▶ [Input records]
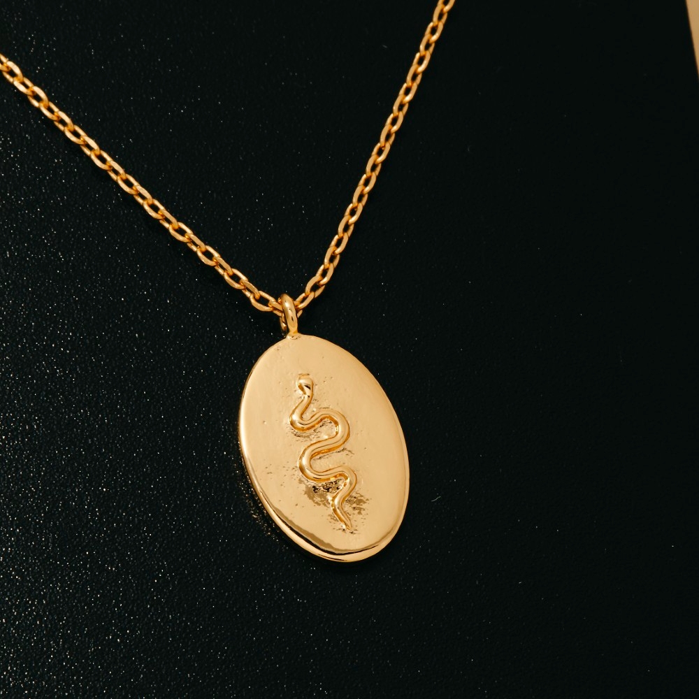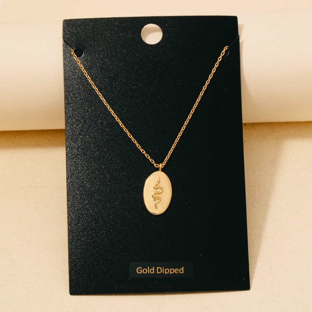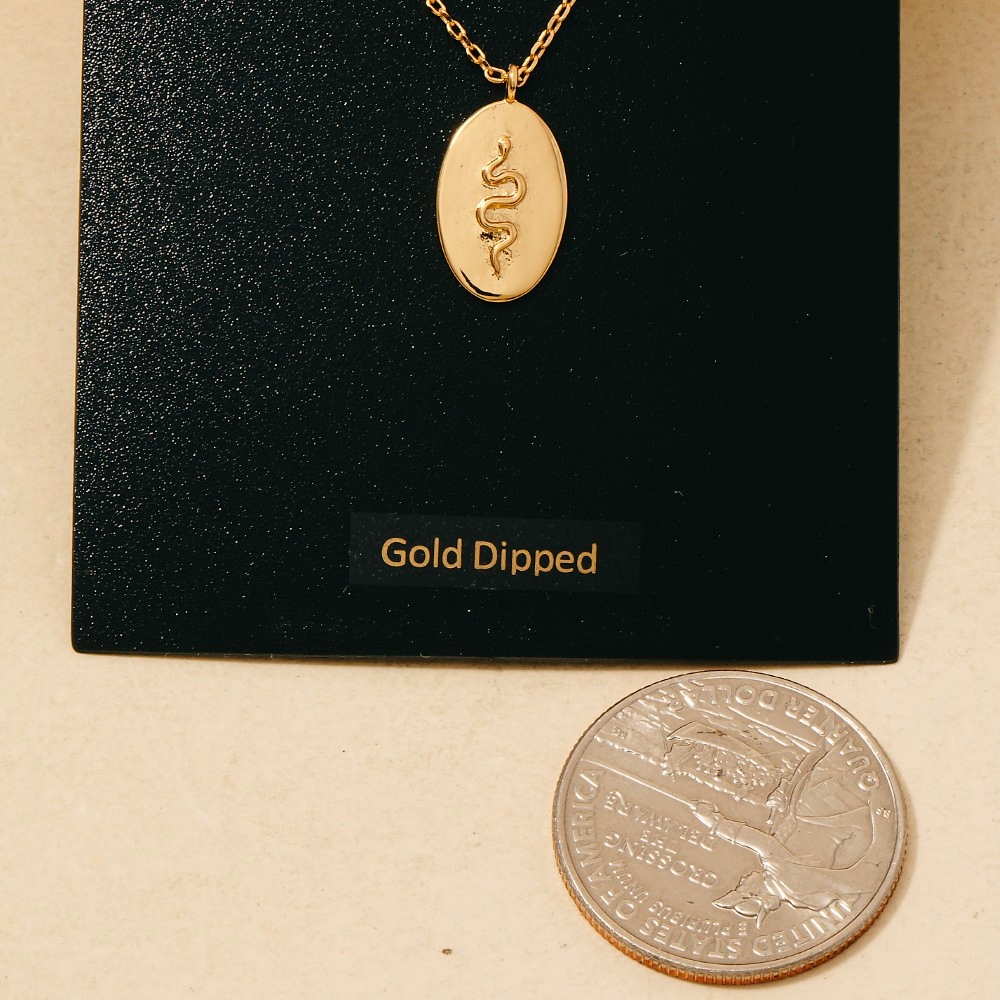 • A classic design with a contemporary twist, this necklace exudes a refined gold dipped snake oval coin pendant design. Upgrade your fashion game with this versatile necklace, a timeless addition that complements any outfit seamlessly. Available in GOLD. This item is sold in packs of 1. Columbus Jewelry
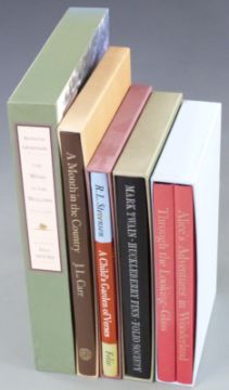 Lewis Carroll Alice’s Adventures in Wonderland and Through The Looking Glass illustrated John Tenniel in 2 volumes Folio Society, Kenneth Grahame The Wind in The Willows in 2 volumes illustrated by Inga Moore, Mark Twain Huckleberry Finn with wood engravings by Harry Brockway, A Child’s Garden of Verses by Robert Louis Stevenson illustrated, A Month in the Country by J.L. Carr – all in slipcases
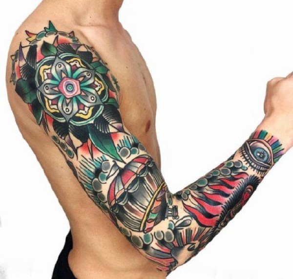 oldschool风格的拼接花臂纹身作品欣赏
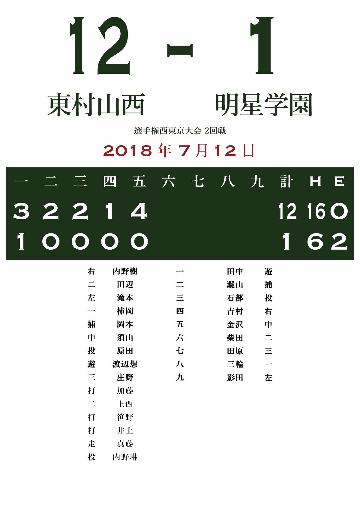 2018_選手権西東京大会_2回戦_東村山西-明星学園
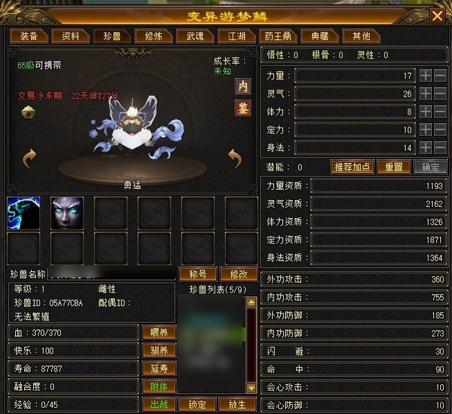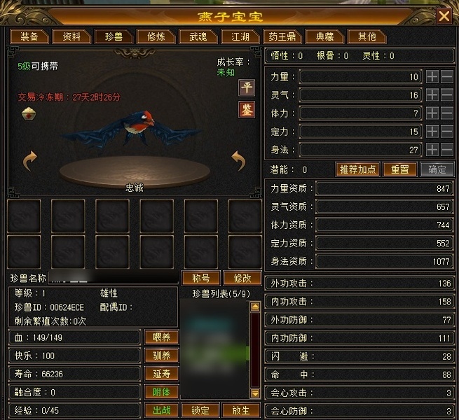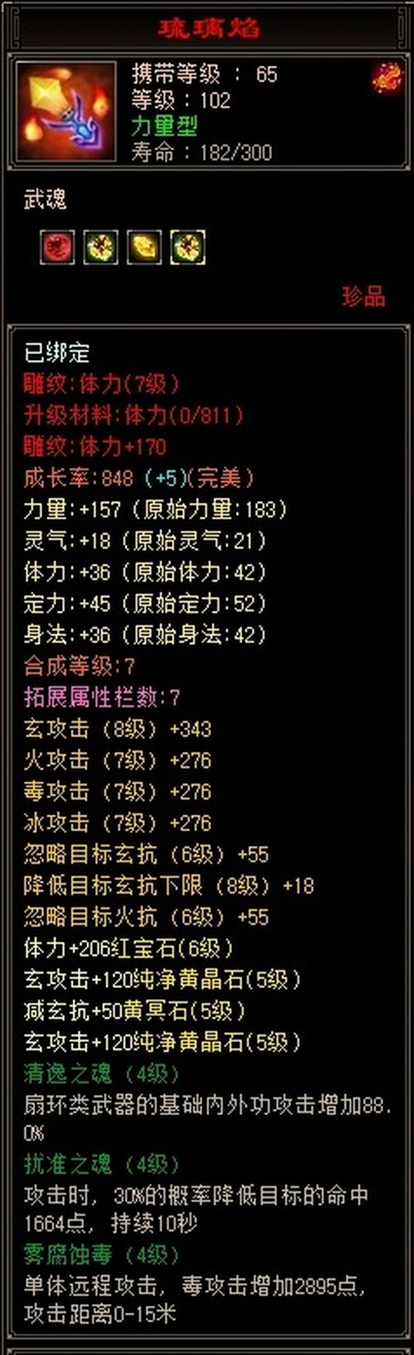 6属6体满5减 7星神器带天雕 中完美武魂8下限8攻击。去新区了一口价

▶ [Required work]
What you give back must match the entries exactly, apart from the omitted pictures.

▶ [Output for this task]
 • A classic design with a contemporary twist, this necklace exudes a refined gold dipped snake oval coin pendant design. Upgrade your fashion game with this versatile necklace, a timeless addition that complements any outfit seamlessly. Available in GOLD. This item is sold in packs of 1. Columbus Jewelry
 Lewis Carroll Alice’s Adventures in Wonderland and Through The Looking Glass illustrated John Tenniel in 2 volumes Folio Society, Kenneth Grahame The Wind in The Willows in 2 volumes illustrated by Inga Moore, Mark Twain Huckleberry Finn with wood engravings by Harry Brockway, A Child’s Garden of Verses by Robert Louis Stevenson illustrated, A Month in the Country by J.L. Carr – all in slipcases
 oldschool风格的拼接花臂纹身作品欣赏
 2018_選手権西東京大会_2回戦_東村山西-明星学園
 6属6体满5减 7星神器带天雕 中完美武魂8下限8攻击。去新区了一口价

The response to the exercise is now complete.